Most of you are probably familiar with the song “Pompeii”, released by Bastille in 2013. A few weeks ago, Rachele De Felice sent me this link, of a rather nice Latin translation of the song.
She expressed some disappointment that the song had not been translated into Oscan, as the more ancient language of Pompeii, but given that (a) an Oscan translation would be pretty impossible to put together and (b) Latin was the language of Pompeii during its destruction, I think we can probably allow it.
In fact, my favourite version of this song is actually one recorded by Bastille themselves. The song was released during the British Museum’s 2013 Life and Death in Pompeii and Herculaneum exhibition, and so the band made this video in the exhibition room. The video partly just makes me jealous that they got a private tour – it was a very popular and very crowded exhibition. But I also love the coincidence that brought the song and the artefacts together.

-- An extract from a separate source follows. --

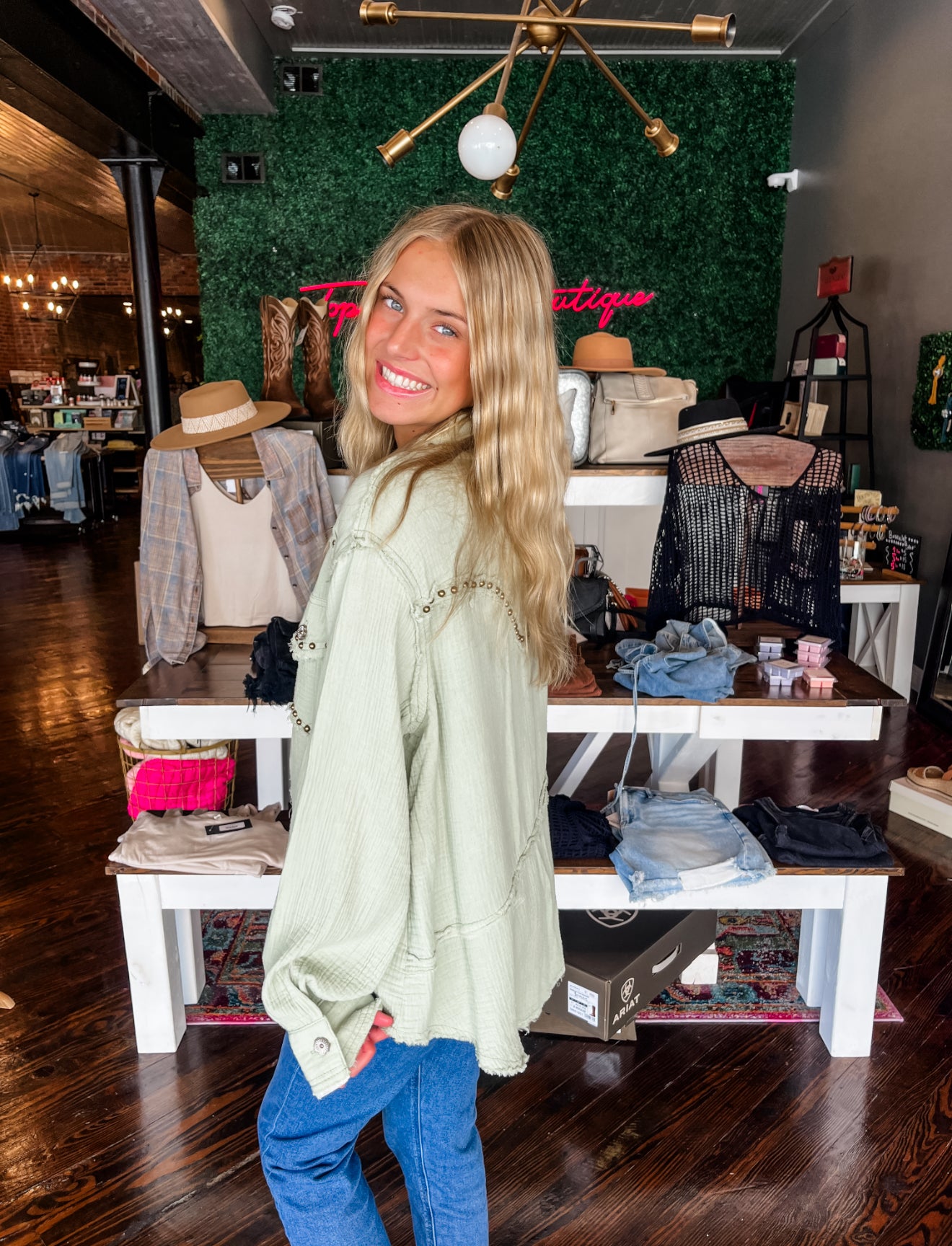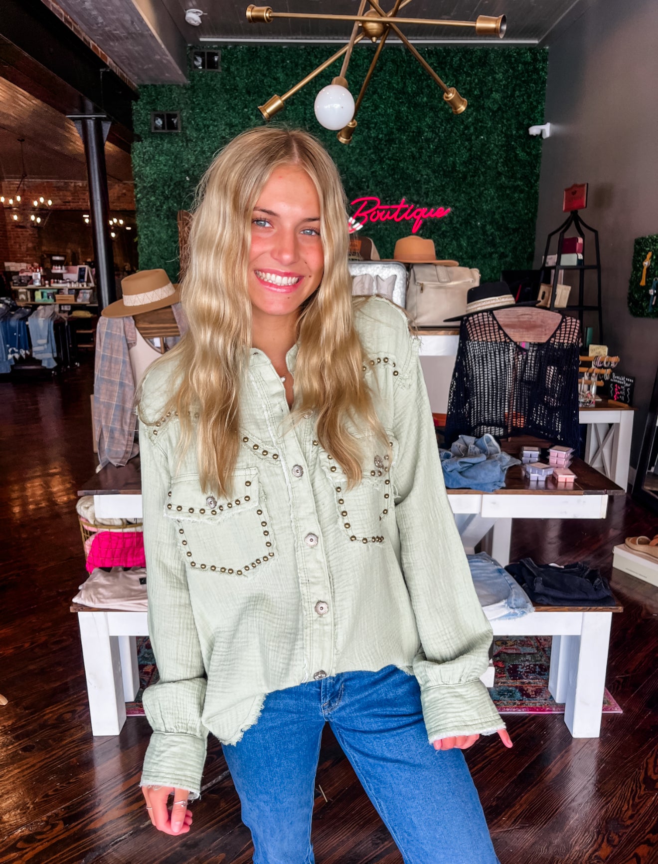 Your new everyday essential — this POL studded button-down shirt takes casual comfort and gives it a bold twist. Made from 100% cotton with a soft gauze texture, it’s lightweight, breathable, and detailed with antique-style studs for that perfect mix of relaxed and edgy. Wear it buttoned up, layered over a tank, or tied at the waist — it’s the piece you’ll style a dozen different ways.

If you’re interested in the Pompeii and Herculaneum exhibition itself, my colleague Anna Judson wrote a great and very detailed review of it, which really got into the problems with the presentation as well as the things which were done well.
Of course Bastille are not the only band who have written on this theme. You might prefer “Cocoon” by the Decembrists, for example. Or if that’s not your thing, there is always Pacini’s 1825 opera L’ultimo gionro di Pompeii.